Phyllis "Bobbie" Cryner (born September 13, 1961) is an American country singer-songwriter. She released her debut album, the bluesy Bobbie Cryner, in 1993 on Epic Records. The album featured six original Cryner songs, as well as four songs by outside writers, including a duet with Dwight Yoakam on the Buck Owens cover "I Don't Care." The album charted three singles on the Billboard Hot Country Singles & Tracks chart, including "Daddy Laid the Blues On Me," No. 63 on July 31, 1993; "He Feels Guilty," No. 68 on December 11, 1993; and "You Could Steal Me," No. 72 on May 28, 1994.

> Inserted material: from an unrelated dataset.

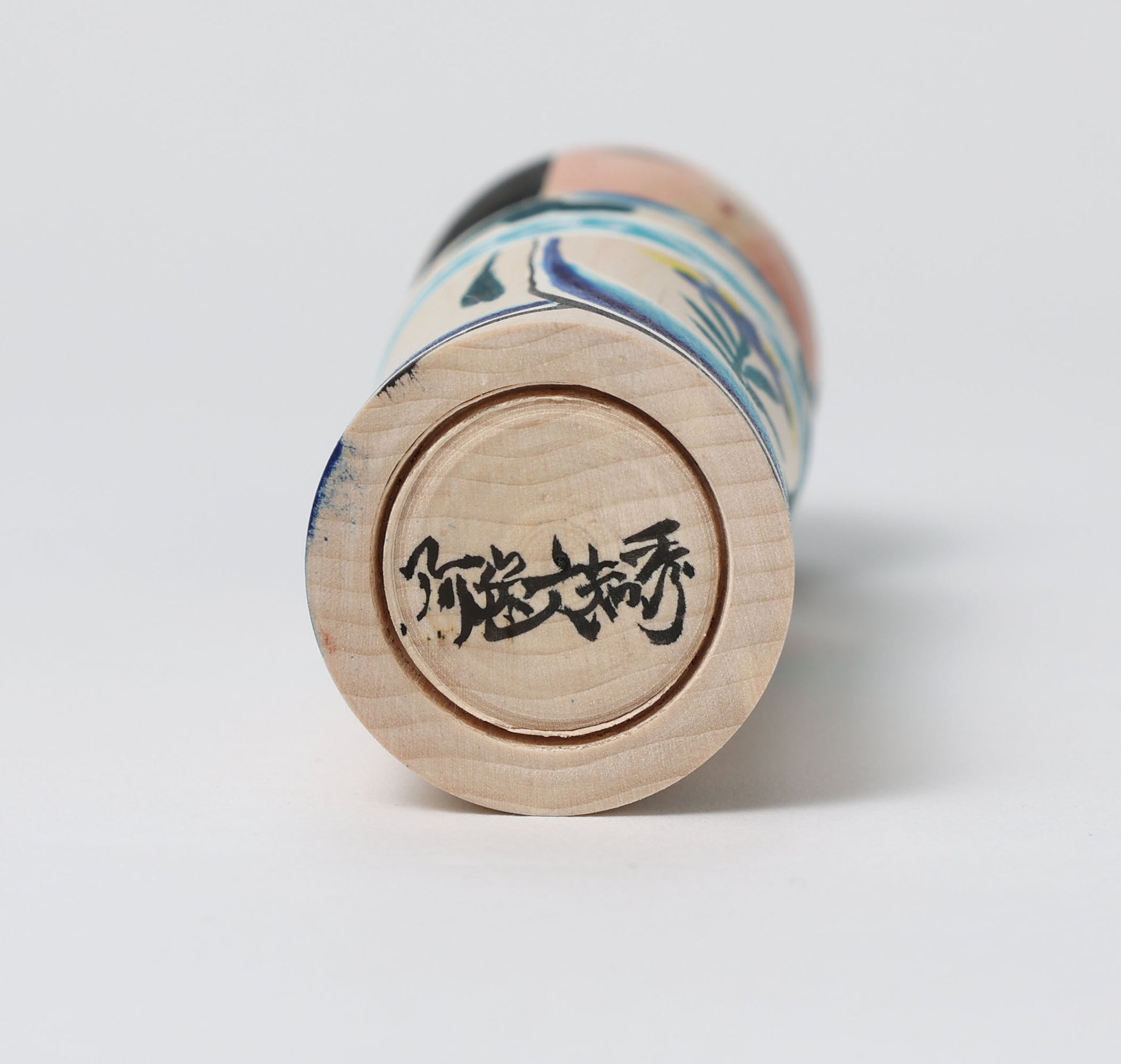 This is an Imayo Tsugaru style kokeshi doll, named ‘Kinagashi’, by Muchihide Abo.

Cryner left Epic Records for MCA Records to record her second album, Girl of Your Dreams. The album was produced by Tony Brown, head of MCA Records. The second album featured a more straight-ahead, contemporary country. As with the first, Cryner wrote five of the songs on the album, with the other five coming from outside songwriters, including her cover of "Son of a Preacher Man". The album was heralded by the first single and video, "I Just Can't Stand To Be Unhappy," which was written by noted songwriter Hugh Prestwood and entered the country charts on October 14, 1995. It peaked at No. 63 on the Hot Country Singles & Tracks. The second single and video, "You'd Think He'd Know Me Better," entered the charts on March 2, 1996, and peaked at No. 56. A third single and video, Cryner's autobiographical "I Didn't Know My Own Strength," was released in late summer 1996. Cryner left MCA in 1997.

Cryner continued writing songs for other artists, including Trisha Yearwood's "Real Live Woman" (#16), Suzy Bogguss' "Nobody Love, Nobody Gets Hurt" (#63), and Lee Ann Womack's "Stronger Than I Am."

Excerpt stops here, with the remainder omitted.